Data segment:
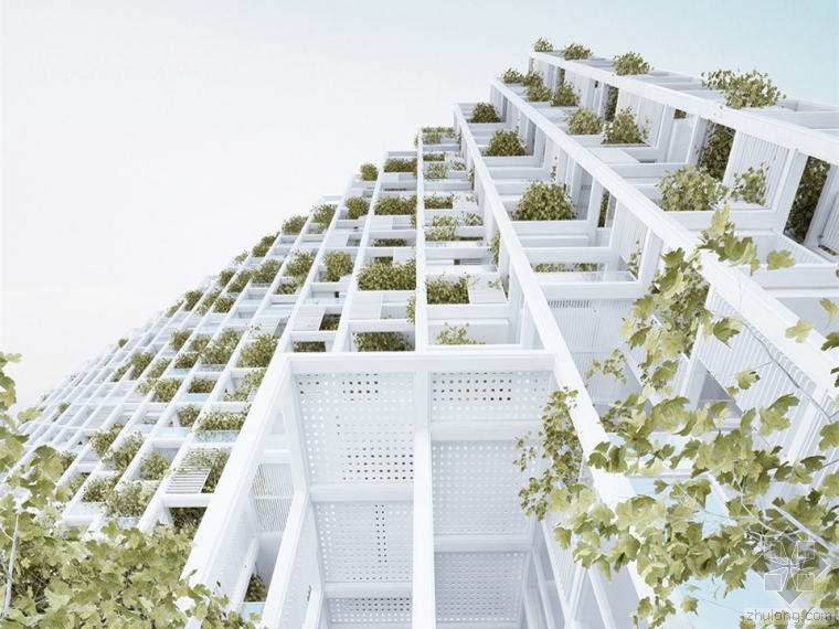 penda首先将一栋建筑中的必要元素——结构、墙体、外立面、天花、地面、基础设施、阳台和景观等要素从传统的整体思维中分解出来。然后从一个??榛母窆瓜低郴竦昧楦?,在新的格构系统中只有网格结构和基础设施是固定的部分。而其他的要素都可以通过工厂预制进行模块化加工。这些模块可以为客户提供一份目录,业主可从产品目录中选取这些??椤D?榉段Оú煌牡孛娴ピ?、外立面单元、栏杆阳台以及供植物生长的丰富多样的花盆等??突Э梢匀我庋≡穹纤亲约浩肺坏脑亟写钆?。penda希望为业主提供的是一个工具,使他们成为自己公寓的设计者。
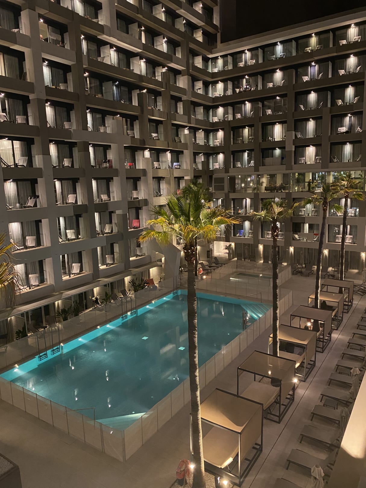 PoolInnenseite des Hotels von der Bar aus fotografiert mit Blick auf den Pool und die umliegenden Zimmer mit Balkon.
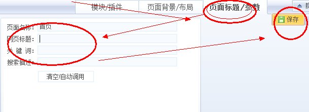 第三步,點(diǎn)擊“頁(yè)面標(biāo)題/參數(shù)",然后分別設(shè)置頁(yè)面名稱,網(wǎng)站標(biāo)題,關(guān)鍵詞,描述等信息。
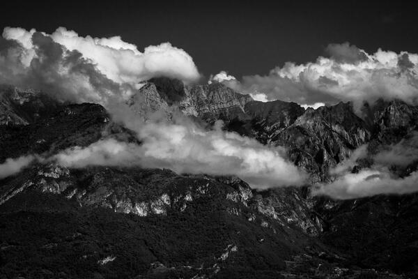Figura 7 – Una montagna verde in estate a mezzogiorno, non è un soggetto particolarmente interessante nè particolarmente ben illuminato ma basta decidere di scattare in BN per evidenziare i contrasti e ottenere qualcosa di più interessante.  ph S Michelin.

Exercise goal: All that is needed is the data above, repeated exactly, without the pictures.

Task solution:
 penda首先将一栋建筑中的必要元素——结构、墙体、外立面、天花、地面、基础设施、阳台和景观等要素从传统的整体思维中分解出来。然后从一个??榛母窆瓜低郴竦昧楦?,在新的格构系统中只有网格结构和基础设施是固定的部分。而其他的要素都可以通过工厂预制进行模块化加工。这些模块可以为客户提供一份目录,业主可从产品目录中选取这些??椤D?榉段Оú煌牡孛娴ピ?、外立面单元、栏杆阳台以及供植物生长的丰富多样的花盆等??突Э梢匀我庋≡穹纤亲约浩肺坏脑亟写钆?。penda希望为业主提供的是一个工具,使他们成为自己公寓的设计者。
 PoolInnenseite des Hotels von der Bar aus fotografiert mit Blick auf den Pool und die umliegenden Zimmer mit Balkon.
 第三步,點(diǎn)擊“頁(yè)面標(biāo)題/參數(shù)",然后分別設(shè)置頁(yè)面名稱,網(wǎng)站標(biāo)題,關(guān)鍵詞,描述等信息。
Figura 7 – Una montagna verde in estate a mezzogiorno, non è un soggetto particolarmente interessante nè particolarmente ben illuminato ma basta decidere di scattare in BN per evidenziare i contrasti e ottenere qualcosa di più interessante.  ph S Michelin.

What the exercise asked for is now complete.